The site at South Disouq, of which the firm owns 55% working interest, has had gas flowing through its central processing facility (‘CPF’) since 7th November 2019.
Hooked up to the CPF are four discovery wells that have each been tested at their expected rates of between 8 MMscf/d and 15 MMscf/d.
The CPF has been operating as expected in the last three days, with an average gross production rate of 23 MMscf/d of gas and 120 bbls/d of condensate, equivalent to approximately 24 MMscfe/d.
The initial flow rates were reported in line with the company’s expectations, and testing will now continue over the next coming weeks.

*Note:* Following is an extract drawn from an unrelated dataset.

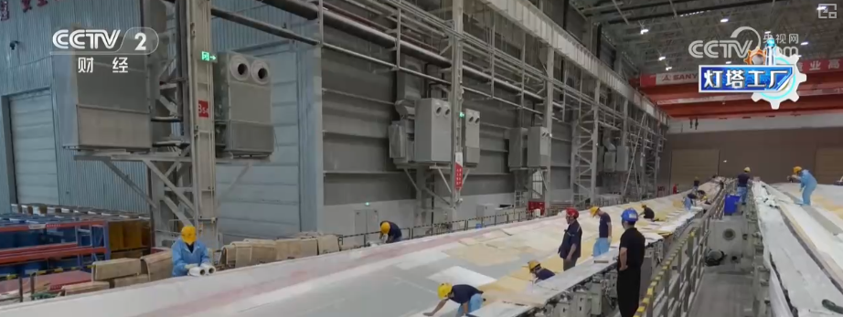 这里是湖南韶山这个的叶片工场,这个大师伙就是风机叶片。目前,这家“灯塔工场”最长能够出产118米的叶片。像如许的一只百米级叶片,出产时间也从本来的平均40多个小时,缩短到现正在的30个小时摆布。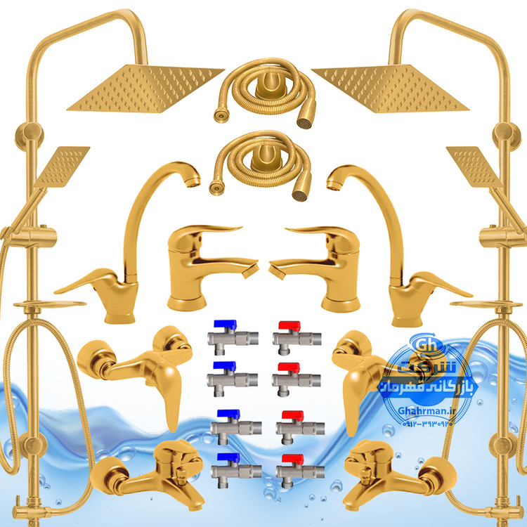 ست ۲۰ عددی شیرآلات برند آیدا صنعت مدل دنیز | دو عدد شیر ظرفشویی + دو عدد شیر روشویی + دو عدد شیر حمام + دو عدد شیر توالت + دو عدد علم دوش یونیورست مدل صفحه استیل مربع + دو عدد شلنگ توالت + دو عدد شلنگ استیل + هشت عدد شیر پیسوار | طلایی مات

The company explained how all gas production will be sold to national gas firm, EGAS, at a fixed price of US$2.85/Mcf, with the Government of Egypt's entitlement share of gross production equating to approximately 51%.Mark Reid, CEO of SDX, expressed his gratitude to the state, EGAS, and contractors, Petrojet and Expro, in helping to achieve what he described as an “important milestone” for the company.
He commented, “South Disouq's production, which is coming on stream in line with our previous guidance, will result in a material increase to company's cash flows going forward.
The wells will continue to be produced and tested and we will gradually ramp up production with a view to achieving our target production plateau rate of 50 MMscfe/d during Q1 2020.”